Recorded information:
——————————
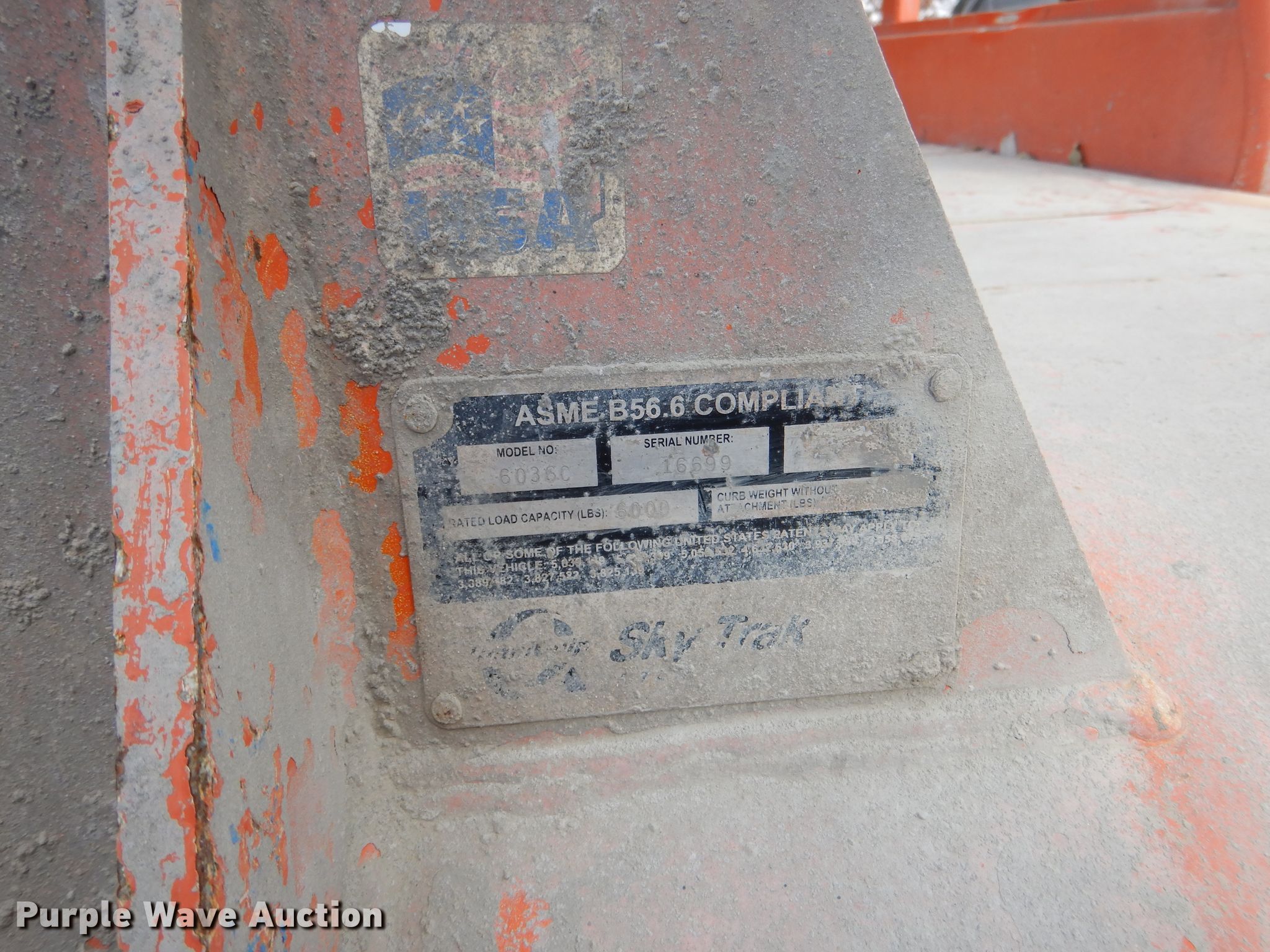 Purple Wave is selling a used Telehandler in Missouri. This item is a 2002 Sky Trak 6036 telehandler with the following: 5,820 hours on meter, Cummins B3.9C 3.9L four cylinder diesel engine, Serial 46205371, Powershift transmission, 4F-4R gears, Four wheel drive, Crab steer, Four wheel steer, OROPS, 6,000 lbs maximum lift capacity, 36' maximum lift height, Three stage boom, 48"L forks, Tilt carriage, Hydraulic leveling, Hydraulic quick attach, 13.00-24 foam filled tires, Serial 16699
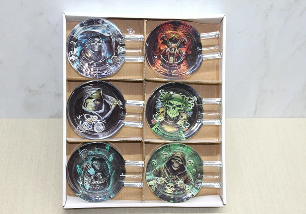CAM PURO KÜLLÜK MODEL 4 Ürün Özellikleri Cam Puro Küllük Model 4, yuvarlak şekli ve hayalet iskelet temalı tasarımıyla dikkat çeker. Yüksek kaliteli cam malzemeden üretilmiş olan bu küllük, dayanıklı yapısı ile uzun süre kullanım sağlar. Hayalet iskelet motifleriyle süslenmiş, dekoratif ve şık bir tasarıma sahiptir. Hem estetik hem de fonksiyonel olan bu obje, puro severler için vazgeçilmez bir aksesuar olarak öne çıkar. Paket İçeriği 1 Adet Cam Puro Küllük Model 4
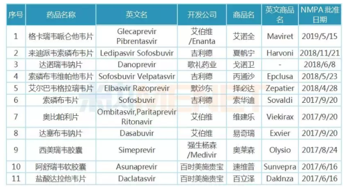 图表:中国批准上市的抗丙肝口服抗病毒药物。来源:米内网
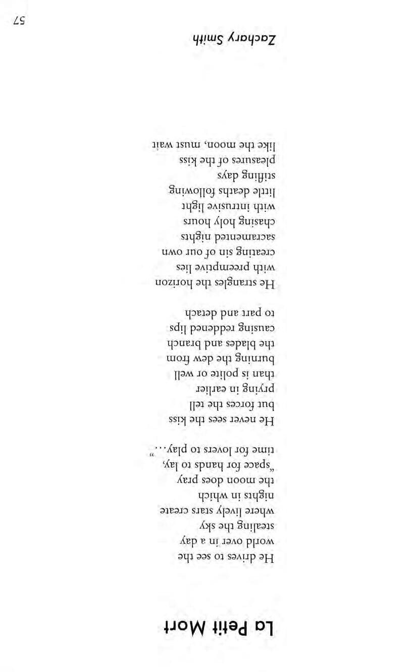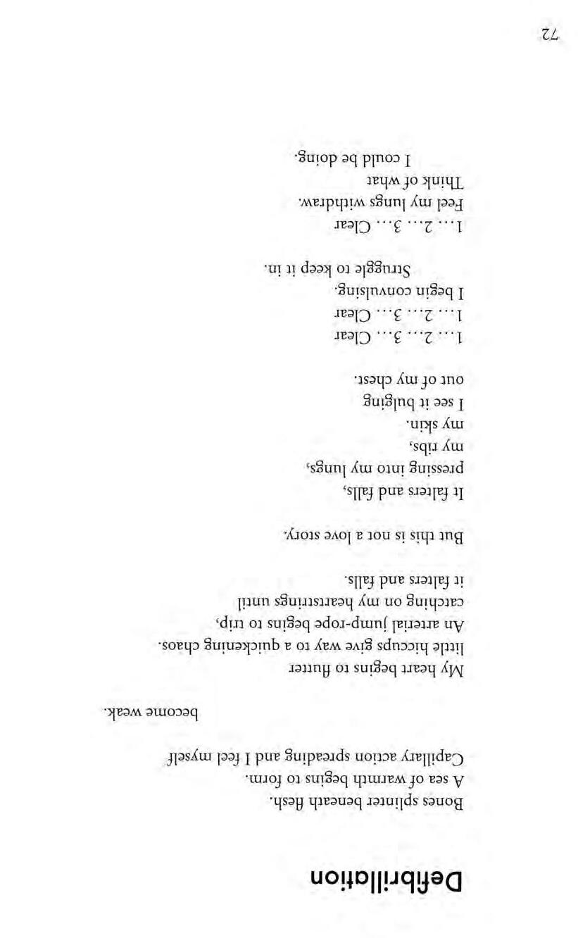 Bush 60 Natalee Wilding Divide by Zero 61 Ian Hilton co 63 Nie Contreras Exposition Needed 64 Anonymous Waiting 68 Jaclyn Clark A Warrior's Meal 69 Gabriel Thompson Desert Death 71 Raydon Cardenas Defibrillation 72 Ian Hilton Casino 74 Dave Greenwood Little Diamonds 75 Corey Young Life's Grate 77 Sarah Abraham Even Beauty Has Its Thorns 78 Sarah Abraham Limblessened 79 Tony Chidester Never Had to Ask 80 Jessica Judd The Front Bottoms 81 Natalee Wilding Valley of Fire 82 Olga Assayah VII
——————————
Task brief:
Word for word, please, restate the lines of the listing from the one holding "CAM PURO KÜLLÜK MODEL 4 Ürün" down to the last line, leaving out any pictures.

Task solution:
CAM PURO KÜLLÜK MODEL 4 Ürün Özellikleri Cam Puro Küllük Model 4, yuvarlak şekli ve hayalet iskelet temalı tasarımıyla dikkat çeker. Yüksek kaliteli cam malzemeden üretilmiş olan bu küllük, dayanıklı yapısı ile uzun süre kullanım sağlar. Hayalet iskelet motifleriyle süslenmiş, dekoratif ve şık bir tasarıma sahiptir. Hem estetik hem de fonksiyonel olan bu obje, puro severler için vazgeçilmez bir aksesuar olarak öne çıkar. Paket İçeriği 1 Adet Cam Puro Küllük Model 4
 图表:中国批准上市的抗丙肝口服抗病毒药物。来源:米内网
 Bush 60 Natalee Wilding Divide by Zero 61 Ian Hilton co 63 Nie Contreras Exposition Needed 64 Anonymous Waiting 68 Jaclyn Clark A Warrior's Meal 69 Gabriel Thompson Desert Death 71 Raydon Cardenas Defibrillation 72 Ian Hilton Casino 74 Dave Greenwood Little Diamonds 75 Corey Young Life's Grate 77 Sarah Abraham Even Beauty Has Its Thorns 78 Sarah Abraham Limblessened 79 Tony Chidester Never Had to Ask 80 Jessica Judd The Front Bottoms 81 Natalee Wilding Valley of Fire 82 Olga Assayah VII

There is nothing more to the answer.